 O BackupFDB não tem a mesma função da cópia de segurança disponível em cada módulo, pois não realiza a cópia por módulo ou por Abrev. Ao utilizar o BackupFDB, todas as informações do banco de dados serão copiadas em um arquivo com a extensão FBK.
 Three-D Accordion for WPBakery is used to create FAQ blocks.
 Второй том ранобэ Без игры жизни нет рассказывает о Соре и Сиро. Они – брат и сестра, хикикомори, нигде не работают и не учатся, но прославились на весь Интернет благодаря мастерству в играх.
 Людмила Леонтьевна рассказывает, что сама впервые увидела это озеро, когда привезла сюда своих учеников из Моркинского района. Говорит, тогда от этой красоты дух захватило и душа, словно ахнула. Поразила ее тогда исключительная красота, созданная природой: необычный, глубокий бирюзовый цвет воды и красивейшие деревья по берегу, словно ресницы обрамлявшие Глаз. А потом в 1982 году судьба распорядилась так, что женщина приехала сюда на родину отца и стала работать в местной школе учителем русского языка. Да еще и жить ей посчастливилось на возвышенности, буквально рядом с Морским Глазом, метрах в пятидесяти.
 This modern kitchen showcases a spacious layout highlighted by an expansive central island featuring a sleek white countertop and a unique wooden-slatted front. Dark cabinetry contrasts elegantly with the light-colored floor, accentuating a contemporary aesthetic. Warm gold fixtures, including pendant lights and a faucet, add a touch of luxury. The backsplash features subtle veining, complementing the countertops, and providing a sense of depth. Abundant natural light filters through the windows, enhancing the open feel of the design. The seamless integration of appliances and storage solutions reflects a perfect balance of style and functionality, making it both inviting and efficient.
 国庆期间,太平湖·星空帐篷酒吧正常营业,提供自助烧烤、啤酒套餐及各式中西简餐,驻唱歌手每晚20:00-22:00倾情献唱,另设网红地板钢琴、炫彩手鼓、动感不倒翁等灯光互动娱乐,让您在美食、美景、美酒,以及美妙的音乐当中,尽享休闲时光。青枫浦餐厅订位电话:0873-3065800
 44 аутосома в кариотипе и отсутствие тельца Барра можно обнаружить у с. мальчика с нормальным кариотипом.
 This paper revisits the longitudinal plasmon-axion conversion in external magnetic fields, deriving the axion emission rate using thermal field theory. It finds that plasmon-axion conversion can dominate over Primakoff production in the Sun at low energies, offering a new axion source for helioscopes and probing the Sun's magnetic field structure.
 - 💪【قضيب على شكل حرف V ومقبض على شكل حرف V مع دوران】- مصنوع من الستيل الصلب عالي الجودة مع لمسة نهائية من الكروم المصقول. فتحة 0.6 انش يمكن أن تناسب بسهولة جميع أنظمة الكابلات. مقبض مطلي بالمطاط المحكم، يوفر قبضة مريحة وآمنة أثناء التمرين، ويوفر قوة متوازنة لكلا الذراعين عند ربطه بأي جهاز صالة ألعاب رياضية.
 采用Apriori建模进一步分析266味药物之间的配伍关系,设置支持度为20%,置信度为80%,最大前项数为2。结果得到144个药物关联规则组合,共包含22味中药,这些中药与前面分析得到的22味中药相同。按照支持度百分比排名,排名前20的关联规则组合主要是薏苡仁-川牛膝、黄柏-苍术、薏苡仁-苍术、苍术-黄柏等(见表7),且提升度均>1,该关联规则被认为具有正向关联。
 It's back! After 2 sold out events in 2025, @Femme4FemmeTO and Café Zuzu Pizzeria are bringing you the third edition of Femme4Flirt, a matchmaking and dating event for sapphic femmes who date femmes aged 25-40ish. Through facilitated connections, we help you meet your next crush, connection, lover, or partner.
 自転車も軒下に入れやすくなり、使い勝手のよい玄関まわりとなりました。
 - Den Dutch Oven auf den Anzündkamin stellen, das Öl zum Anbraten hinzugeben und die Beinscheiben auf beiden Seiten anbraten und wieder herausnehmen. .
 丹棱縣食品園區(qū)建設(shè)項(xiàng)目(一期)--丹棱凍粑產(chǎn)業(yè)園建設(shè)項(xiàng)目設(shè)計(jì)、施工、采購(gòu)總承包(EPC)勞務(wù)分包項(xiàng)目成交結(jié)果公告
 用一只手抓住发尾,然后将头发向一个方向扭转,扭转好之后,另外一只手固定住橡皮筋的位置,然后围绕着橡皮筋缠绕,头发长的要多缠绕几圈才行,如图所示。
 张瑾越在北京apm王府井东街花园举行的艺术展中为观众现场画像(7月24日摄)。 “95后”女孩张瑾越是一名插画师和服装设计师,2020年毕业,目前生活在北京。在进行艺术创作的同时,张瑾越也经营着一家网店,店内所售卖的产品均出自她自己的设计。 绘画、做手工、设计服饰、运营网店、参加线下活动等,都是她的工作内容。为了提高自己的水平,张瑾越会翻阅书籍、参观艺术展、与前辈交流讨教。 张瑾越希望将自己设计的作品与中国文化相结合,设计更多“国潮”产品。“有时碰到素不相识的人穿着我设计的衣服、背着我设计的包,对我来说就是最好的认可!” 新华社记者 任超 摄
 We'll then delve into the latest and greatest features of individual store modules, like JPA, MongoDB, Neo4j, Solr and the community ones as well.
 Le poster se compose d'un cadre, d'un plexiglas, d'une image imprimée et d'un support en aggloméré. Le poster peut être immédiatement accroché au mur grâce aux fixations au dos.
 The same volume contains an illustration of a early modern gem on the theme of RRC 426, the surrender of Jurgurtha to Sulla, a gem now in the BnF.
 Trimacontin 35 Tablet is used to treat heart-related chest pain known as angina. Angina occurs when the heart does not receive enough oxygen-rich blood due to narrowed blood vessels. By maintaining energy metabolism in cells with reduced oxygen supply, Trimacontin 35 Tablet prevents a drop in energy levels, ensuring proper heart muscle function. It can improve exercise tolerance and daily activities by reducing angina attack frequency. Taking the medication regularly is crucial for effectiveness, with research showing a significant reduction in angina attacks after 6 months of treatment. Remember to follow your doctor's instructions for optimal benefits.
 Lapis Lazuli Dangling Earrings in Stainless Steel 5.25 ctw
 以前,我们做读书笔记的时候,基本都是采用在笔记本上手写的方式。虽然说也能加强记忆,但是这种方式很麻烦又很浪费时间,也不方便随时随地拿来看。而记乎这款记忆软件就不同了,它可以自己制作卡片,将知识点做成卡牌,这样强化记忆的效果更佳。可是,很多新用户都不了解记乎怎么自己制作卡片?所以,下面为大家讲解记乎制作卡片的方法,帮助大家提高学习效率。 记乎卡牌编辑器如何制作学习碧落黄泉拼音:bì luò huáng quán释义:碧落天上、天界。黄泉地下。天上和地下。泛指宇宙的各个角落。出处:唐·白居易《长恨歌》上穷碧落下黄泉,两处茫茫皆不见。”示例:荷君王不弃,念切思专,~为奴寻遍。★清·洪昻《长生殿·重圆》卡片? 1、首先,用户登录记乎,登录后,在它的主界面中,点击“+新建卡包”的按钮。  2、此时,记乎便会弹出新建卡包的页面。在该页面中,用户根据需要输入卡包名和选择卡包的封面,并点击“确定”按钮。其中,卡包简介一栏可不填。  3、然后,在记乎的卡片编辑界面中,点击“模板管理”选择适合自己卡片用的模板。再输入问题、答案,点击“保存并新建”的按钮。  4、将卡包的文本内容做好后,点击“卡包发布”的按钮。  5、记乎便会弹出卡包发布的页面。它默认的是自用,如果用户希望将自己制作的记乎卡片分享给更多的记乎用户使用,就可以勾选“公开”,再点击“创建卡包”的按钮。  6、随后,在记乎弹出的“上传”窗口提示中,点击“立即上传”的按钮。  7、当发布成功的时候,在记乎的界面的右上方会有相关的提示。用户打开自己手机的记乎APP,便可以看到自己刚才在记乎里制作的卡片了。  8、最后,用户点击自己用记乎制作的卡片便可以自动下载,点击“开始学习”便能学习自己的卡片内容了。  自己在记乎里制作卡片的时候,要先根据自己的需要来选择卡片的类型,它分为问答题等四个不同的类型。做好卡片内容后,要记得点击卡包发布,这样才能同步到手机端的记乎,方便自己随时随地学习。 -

════

▸ TASK DIRECTIONS:
Retype exactly the lines of the data above that fall between the line with "国庆期间,太平湖·星空帐篷酒" and the line with "采用Apriori建模进一步", inclusive, and add nothing.

▸ YOUR RESPONSE:
 国庆期间,太平湖·星空帐篷酒吧正常营业,提供自助烧烤、啤酒套餐及各式中西简餐,驻唱歌手每晚20:00-22:00倾情献唱,另设网红地板钢琴、炫彩手鼓、动感不倒翁等灯光互动娱乐,让您在美食、美景、美酒,以及美妙的音乐当中,尽享休闲时光。青枫浦餐厅订位电话:0873-3065800
 44 аутосома в кариотипе и отсутствие тельца Барра можно обнаружить у с. мальчика с нормальным кариотипом.
 This paper revisits the longitudinal plasmon-axion conversion in external magnetic fields, deriving the axion emission rate using thermal field theory. It finds that plasmon-axion conversion can dominate over Primakoff production in the Sun at low energies, offering a new axion source for helioscopes and probing the Sun's magnetic field structure.
 - 💪【قضيب على شكل حرف V ومقبض على شكل حرف V مع دوران】- مصنوع من الستيل الصلب عالي الجودة مع لمسة نهائية من الكروم المصقول. فتحة 0.6 انش يمكن أن تناسب بسهولة جميع أنظمة الكابلات. مقبض مطلي بالمطاط المحكم، يوفر قبضة مريحة وآمنة أثناء التمرين، ويوفر قوة متوازنة لكلا الذراعين عند ربطه بأي جهاز صالة ألعاب رياضية.
 采用Apriori建模进一步分析266味药物之间的配伍关系,设置支持度为20%,置信度为80%,最大前项数为2。结果得到144个药物关联规则组合,共包含22味中药,这些中药与前面分析得到的22味中药相同。按照支持度百分比排名,排名前20的关联规则组合主要是薏苡仁-川牛膝、黄柏-苍术、薏苡仁-苍术、苍术-黄柏等(见表7),且提升度均>1,该关联规则被认为具有正向关联。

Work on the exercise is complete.